Schießsport verbindet Jung und Alt – so auch bei den Burgschützen Ebermannsdorf. Mit viel Spaß und Gelächter wurde im Schützenheim ihr erstes „Wir ärgern uns net(t)!“-Spiel abgehalten. Und alle waren mit Begeisterung dabei.

Einmal im Quartal wird bei den Burgschützen Ebermannsdorf das Training beiseitegelegt und stattdessen ein Gaudischießen veranstaltet. Dabei geht es nicht darum, wer die meisten Ringe oder den besten Teiler hat – sondern um irgendetwas, das nichts mit dem leistungsorientierten Wettkampf zu tun hat. Es soll dabei die Gemeinschaft im Verein gestärkt werden – und das geht am besten mit Spaß. Meistens sieht sich die Schießleitung fragenden Gesichtern gegenüber, was denn dieses Mal gemacht wird. Doch nicht so beim letzten Quartalsschießen. Bereits Wochen vorher brachte 2.Schützenmeister Mathias Scheeler die Idee an, man könnte doch einmal gemeinsam „Wir ärgern uns net(t)!“ spielen. Das Spielfeld hierzu hatte er bereits während der Coronapause gebaut. Die Idee fand großen Anklang.

 

Schießleiterin Stefanie Kryschak mit Ideengeber Mathias Scheeler

 

Und so trafen sich die beiden Schießleiter mit dem Ideengeber, um aus der groben Idee einen ausgereiften Plan zu machen. Gespielt werden sollte nach den bekannten „Mensch-ärgere-dich-nicht“-Regeln. Mit der Änderung, dass geschossen statt gewürfelt wird. Eigens dafür wurde eine Würfelscheibe definiert. Diese hat statt den bekannten 10 Ringen nur 6 Ringe – ganz wie ein Spielwürfel. Dank der elektronischen Anlage war dies kein Problem. So konnte jeder Schütze direkt erkennen, was er denn „gewürfelt“ hatte und seinen Zug entsprechend machen. 

Mit großen Erwartungen gingen die Mannschaften an den Start.

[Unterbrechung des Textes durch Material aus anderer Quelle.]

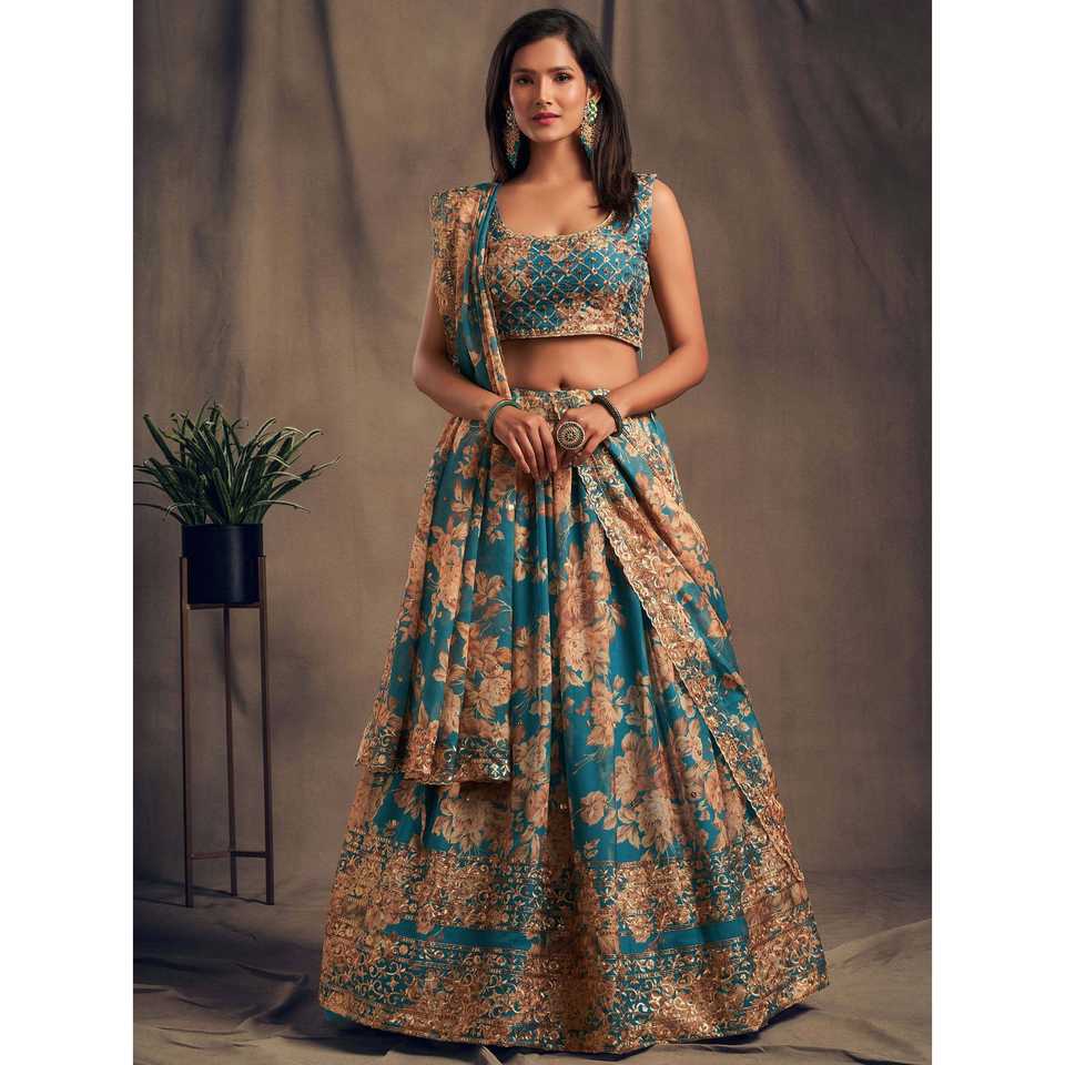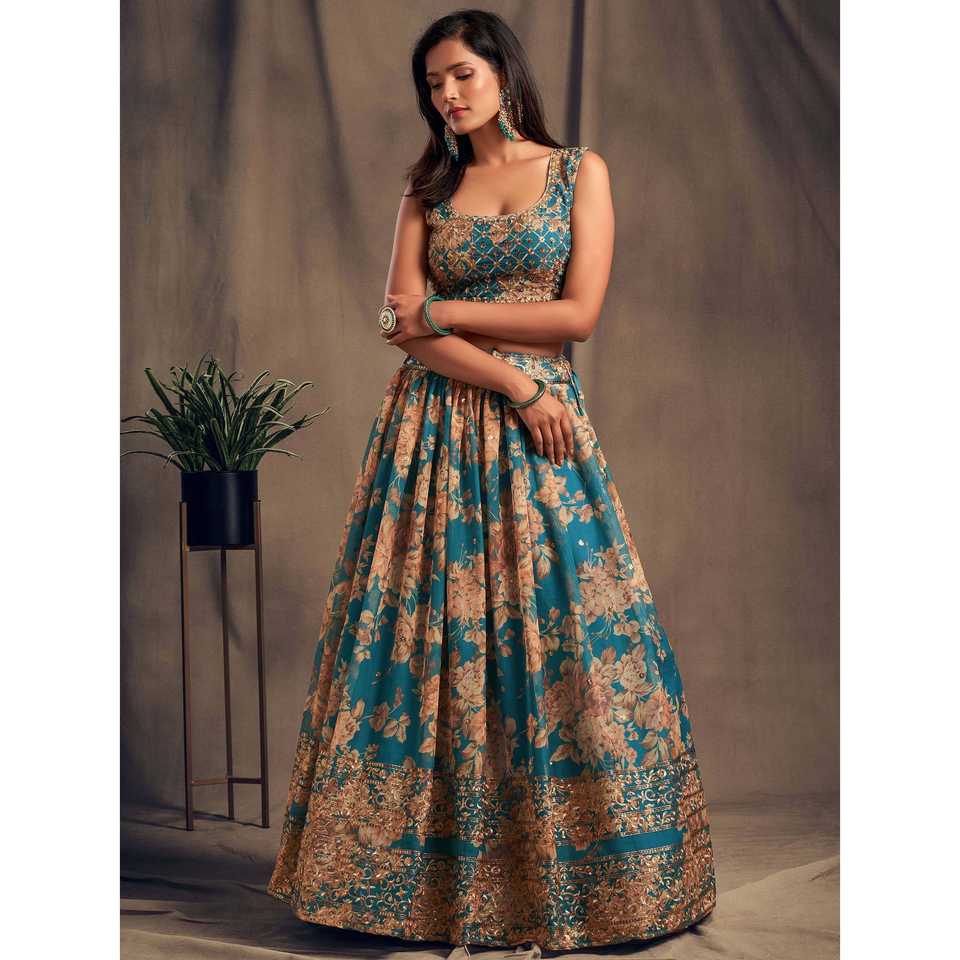 Teal Blue Floral Printed Organza Party Jumpsuit Festive Lehenga Choli

Es traten die Damen (Mannschaftsfarbe rot) gegen die Herren (blau) gegen die Jugend (gelb) an. Letztere versuchten zunächst, ohne Schießhosen und in normaler Jeans zu schießen. Schließlich ging es ja eigentlich um die Gaudi und das Zusammensein mit den anderen Vereinsmitgliedern als ums treffen. Recht schnell stellten sie jedoch fest, dass dies gar nicht so einfach ist, wenn man es einmal anders gewohnt ist. So wurde dann doch die komplette Bekleidung angelegt. Die darauf aufkommende Freude der Jugend und Ernüchterung der anderen Mannschaften, dass jetzt die 6er fielen (diese befanden sich in der Mitte der Scheibe) wich jedoch bald der Erkenntnis, dass auch niedrigere Zahlen gebraucht werden. Diese befanden sich am Rand der Scheibe und waren trotz Hosen nicht leicht zu treffen. Somit waren die Chancen auf den Sieg wieder gut ausgeglichen. 

Spätestens nach knapp 2 Stunden war dies jedem klar. Denn erst dann schaffte es die gelbe Mannschaft, als erste eine Spielfigur ins Häuschen zu bringen. Doch keinem kam es lang vor. Selbst die Mannschaftsmitglieder, die gerade nicht am Zug waren, fieberten eifrig mit. Und jubelten, wenn der Gegner geschmissen wurde. Das dadurch entstandene hin und her war für alle die größte Freude – und Lageweile kam gar nicht erst auf. 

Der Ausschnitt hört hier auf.